Em que referências você se baseou para The Chronology of Water?
Apenas filmes masculinos, eu sei. Obrigado, John Cassavetes, por realmente ver sua esposa (a atriz Gena Rowlands). Obrigado, Taxi Driver. Nosso filme tem uma voz em off muito presente, mas ela não guia a narrativa. Ela está lá, segurando nossa mão. Obrigado, Martin Scorsese , por me fazer entender que isso era possível. Acontece que minha heroína é uma mulher. Nossas vozes têm eco, não estamos apenas contando nossa pequena história que ninguém ouve. A literatura confessional feminina é tão importante quanto as demais e eu me inspiro nela.
Por que você acha que as diretoras nem sempre são ouvidas?
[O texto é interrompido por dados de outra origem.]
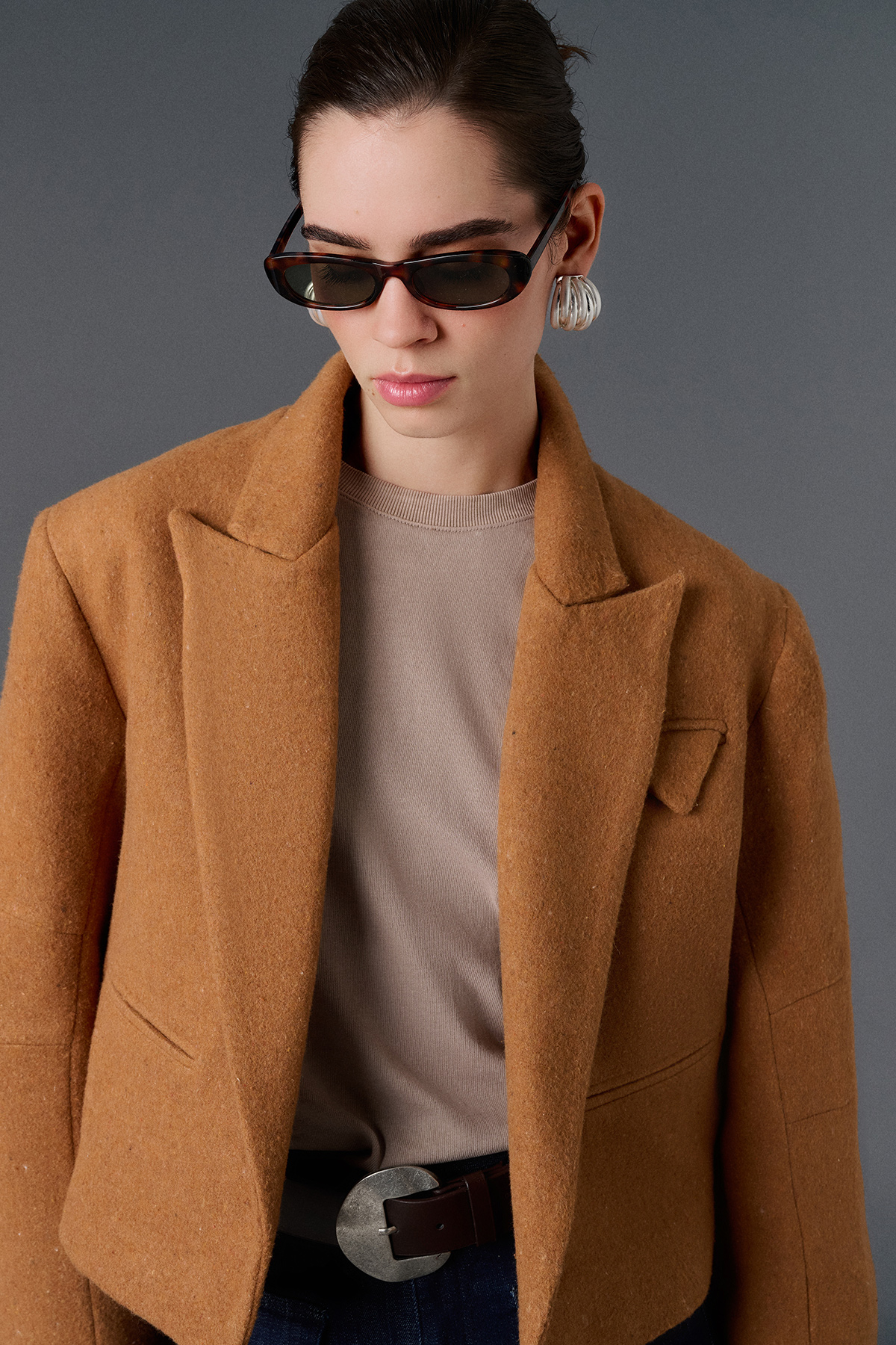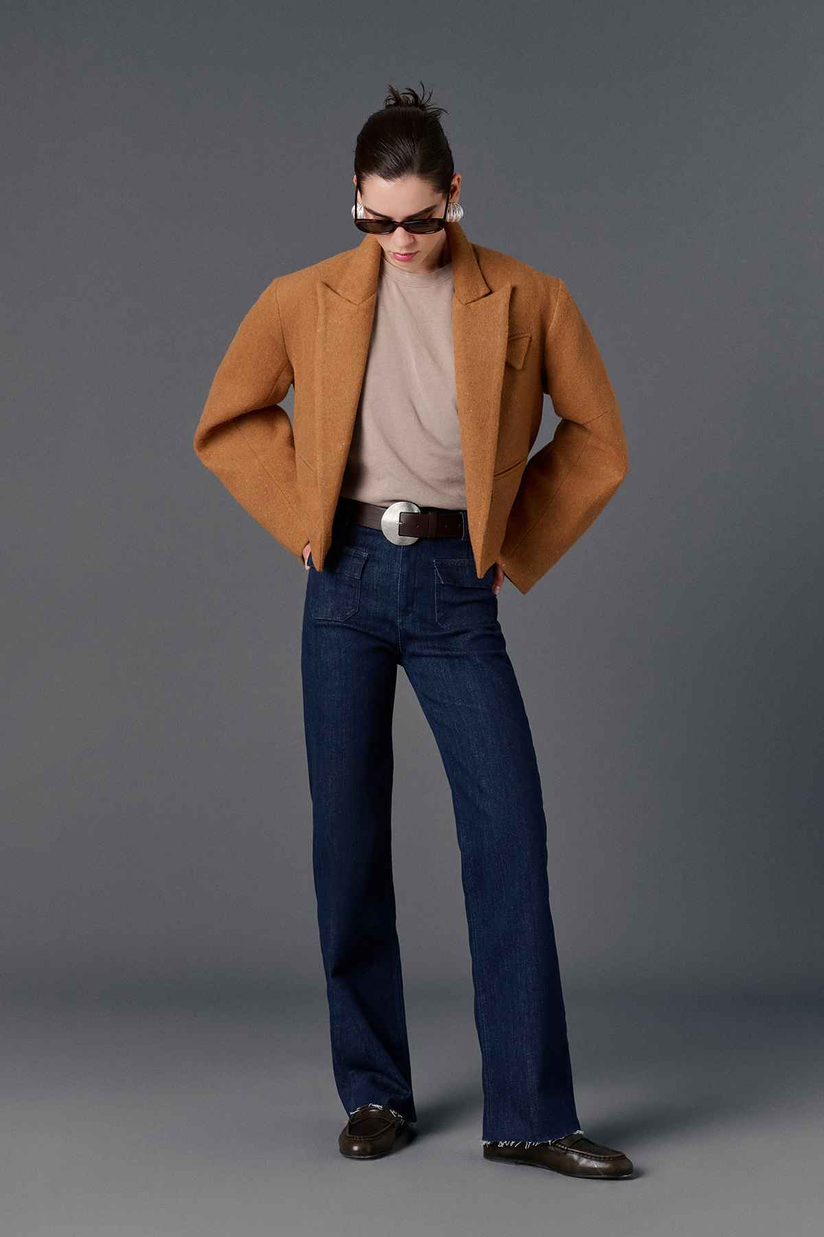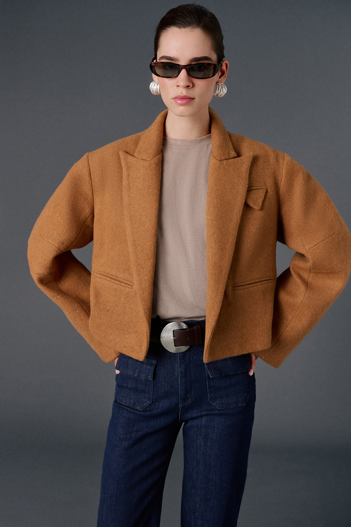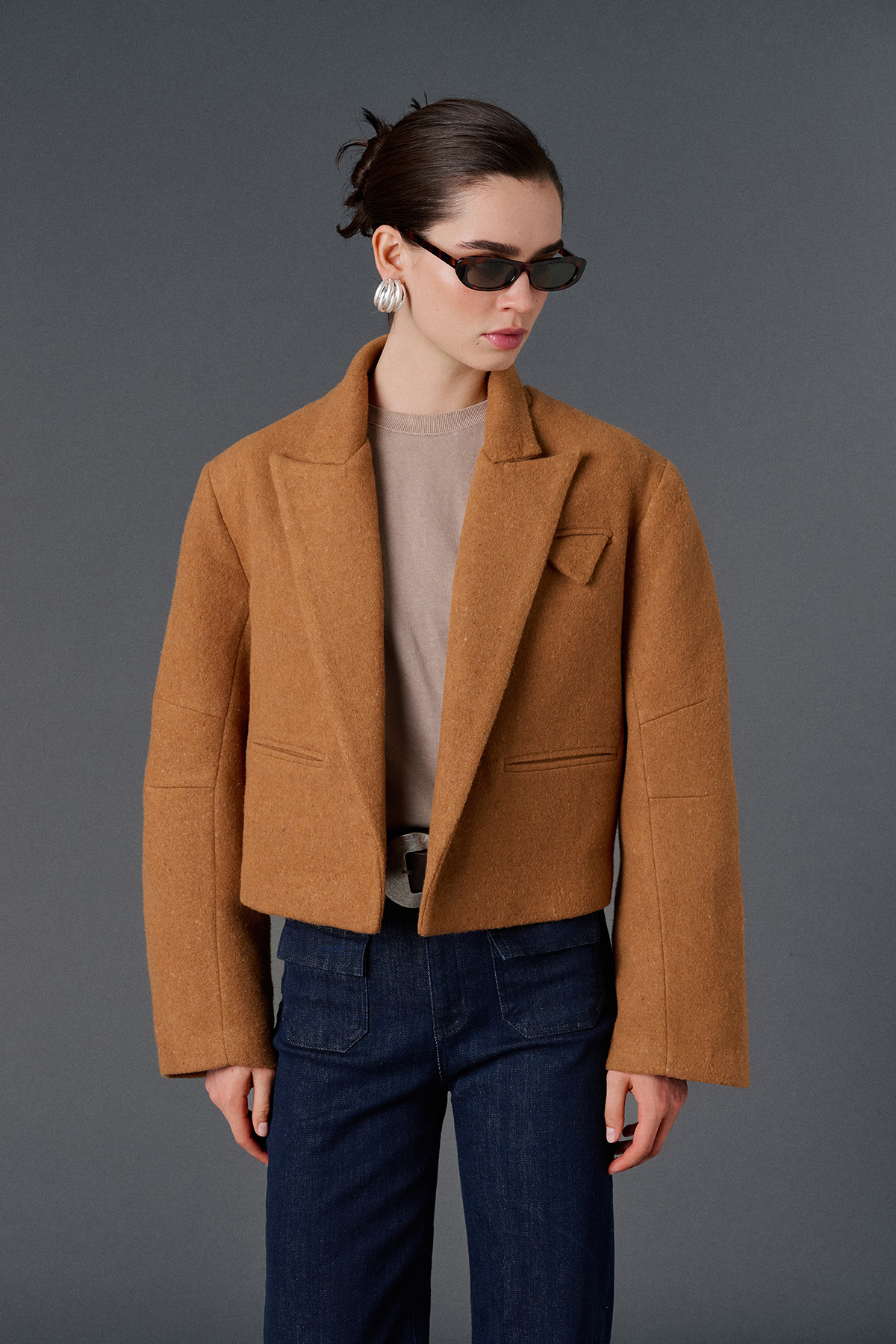 Cep detaylı oversize kaşe crop ceket

As mulheres foram destruídas por uma ideia modernista de arte, que quer dizer que as histórias pessoais não podem ser ouvidas, como se tivéssemos absolutamente que nos separar de nossos corpos para analisar o mundo e comentá-lo com a autoridade de professores. Temos que colocar tudo de volta no corpo. Que se dane a forma. Quando digo isso, não é de ânimo leve. Acho que as mulheres têm que voltar com força para penetrar na forma, fazer um assalto e remixar tudo. Isso é verdade na literatura e no cinema. Se não fizermos isso, ficaremos no portão do castelo para sempre, droga! Quando vejo filmes de homens, digo a mim mesmo que também quero fazer isso! Mas quero fazer do meu jeito. Vamos olhar para dentro de nós mesmos.
Seus projetos futuros
Quais são seus planos para os próximos meses?
Estou no filme The Wrong Girls, que também produzi. Dylan Meyer dirigiu e escreveu o filme. É uma comédia com Alia Shawkat, que é uma espécie de gênio! O filme é positivo sobre falta de ambição, sobre amizade feminina, com essas duas garotas que ainda estão crescendo aos 35 anos em um mundo que não as recebe de braços abertos.
Como foram as filmagens com Alia Shawkat?
Alia me ensinou muito, especialmente porque foi minha primeira comédia - de longe, o trabalho mais assustador e difícil que já fiz. Foi uma viagem e tanto trabalhar com Dylan e Alia em Los Angeles. Para mim, esse é um dos meus projetos mais importantes. Estamos aqui em Cannes, estamos falando de filmes sérios, mas essa comédia trata de coisas profundas. A ideia central é que você tem que ter calma e não se tornar um idiota ou uma vadia. Isso é muito importante (risos).